Dive Brief:
- President Donald Trump has dismissed Commissioners Charlotte Burrows and Jocelyn Samuels as well as General Counsel Karla Gilbride from the U.S. Equal Employment Opportunity Commission, the Democratic officials confirmed to HR Dive.
- Gilbride, nominated by former President Joe Biden and confirmed to a four-year term in 2023, was the first person with a known disability to be appointed EEOC general counsel. Burrows and Samuels were confirmed to terms ending in 2028 and 2026, respectively. The dismissals are part of a broader shakeup at employment law enforcement agencies early this week — largely unprecedented moves.
- An EEOC spokesperson referred HR Dive to the White House Tuesday. A White House official did not confirm the dismissals, but did note that Biden similarly dismissed EEOC’s general counsel after his own inauguration. “These were far-left appointees with radical records of upending longstanding labor law, and they have no place as senior appointees in the Trump Administration, which was given a mandate by the American people to undo the radical policies they created,” the official said.
Dive Insight:
As with Trump’s dismissal of officials at the National Labor Relations Board this week — including a Democratic NLRB member whose term was not set to expire until August 2028 — the shuffling of EEOC personnel immediately provoked threats of legal retaliation.
Burrows said in an email to HR Dive that she would “explore all legal options available” and added that the removal of Samuels and herself “is unprecedented and will undermine the efforts of this independent agency to do the important work of protecting employees from discrimination, supporting employers’ compliance efforts, and expanding public awareness and understanding of federal employment laws.”
Burrows has served on the commission since 2015, originally nominated by former President Barack Obama and made EEOC chair in 2021 by Biden. Samuels was nominated by then-President Donald Trump in 2020 and joined the commission in October of that year.
Burrows was previously EEOC chair. Republican appointee Andrea Lucas is now acting chair and is joined only by Democratic commissioner Kalpana Kotagal with three empty seats remaining. On Tuesday, Lucas — in a potential sign of EEOC’s shifting policy priorities under Trump — unveiled a host of initiatives that included rolling back Biden-era changes allowing claimants filing with EEOC to mark “X” as an available gender option and “Mx.” as a prefix option.
Lucas also indicated that EEOC’s proposed harassment guidance under Title VII of the Civil Rights Act is on the chopping block, while stating that an acting chair “cannot unilaterally remove or modify” the guidance’s sections on gender identity discrimination. Those provisions have been the subject of an ongoing legal challenge by multiple state attorneys general.

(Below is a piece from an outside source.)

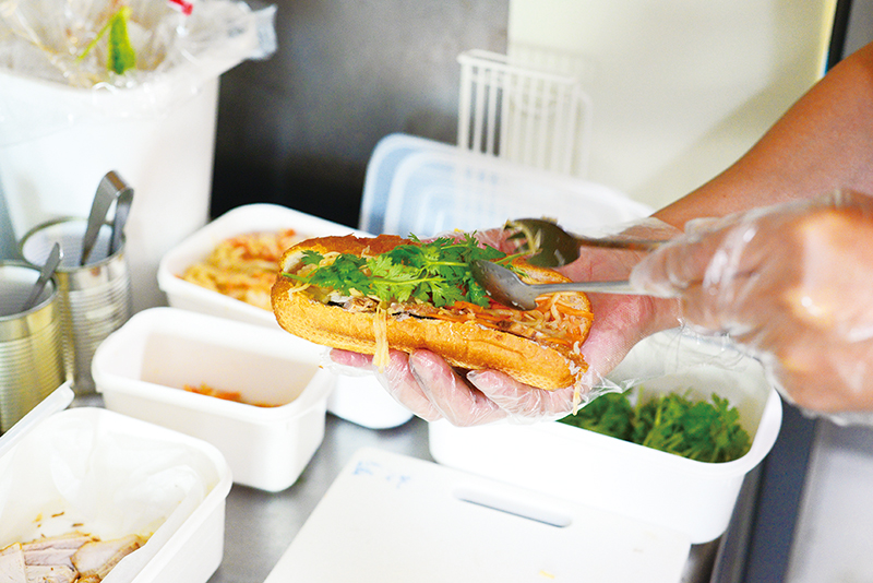 ベトナムのファストフード「バインミー」を高知に広めたいと升形商店街で営業中。バインミーとは、パンにレバーペースト、肉、なます、パクチーなどを挟んだサンドイッチ。パンは、東京恵比寿のバインミー専門店から仕入れ、使用するソースやマヨネーズはお店の手作り。ボディービルダーをしているオーナーが「体にいいもの」にこだわって提供している。

“Biology is not bigotry. Biological sex is real, and it matters,” Lucas said in the Tuesday statement. “Sex is binary (male and female) and immutable. It is not harassment to acknowledge these truths — or to use language like pronouns that flow from these realities, even repeatedly.”
In a statement published to LinkedIn Tuesday, Gilbride said she was grateful for the opportunity to serve as general counsel but “disheartened” by Trump’s anti-diversity, equity and inclusion executive orders and “troubled by the deep and widespread fear that I perceive among many of my colleagues” at EEOC and other federal agencies.
Senator Patty Murray, D-Wash., the former chair of the Senate Health, Education, Labor and Pensions Committee, criticized Trump’s EEOC and NLRB dismissals as attacks on workplace civil rights protections in a statement. “These brazen firings undermine not only the will of Congress but these agencies’ critical work fighting on behalf of workers across the country,” Murray said.
Management-side attorneys cautioned employers that the near-term result of the dismissals could be a slowdown of both agencies’ work. Both NLRB and EEOC now lack a quorum, Eric Meyer, partner at Pierson Ferdinand, wrote in a blog post, meaning that the agencies could struggle to issue rulings, guidance documents or litigate and enforce employment laws and regulations. But he noted that employers should continue to prioritize compliance despite the news.
“As these dramatic changes unfold, HR professionals and business owners should stay informed, work closely with legal counsel, and be prepared to adapt to an evolving labor and employment landscape,” Meyer said.
Jim Paretti, shareholder at Littler Mendelson, wrote in an article for the firm that while the EEOC dismissals limit the commission’s ability to move forward with significant policy changes or engage in high-stakes or high-profile litigation, “routine litigation may still be commenced without Commission approval.”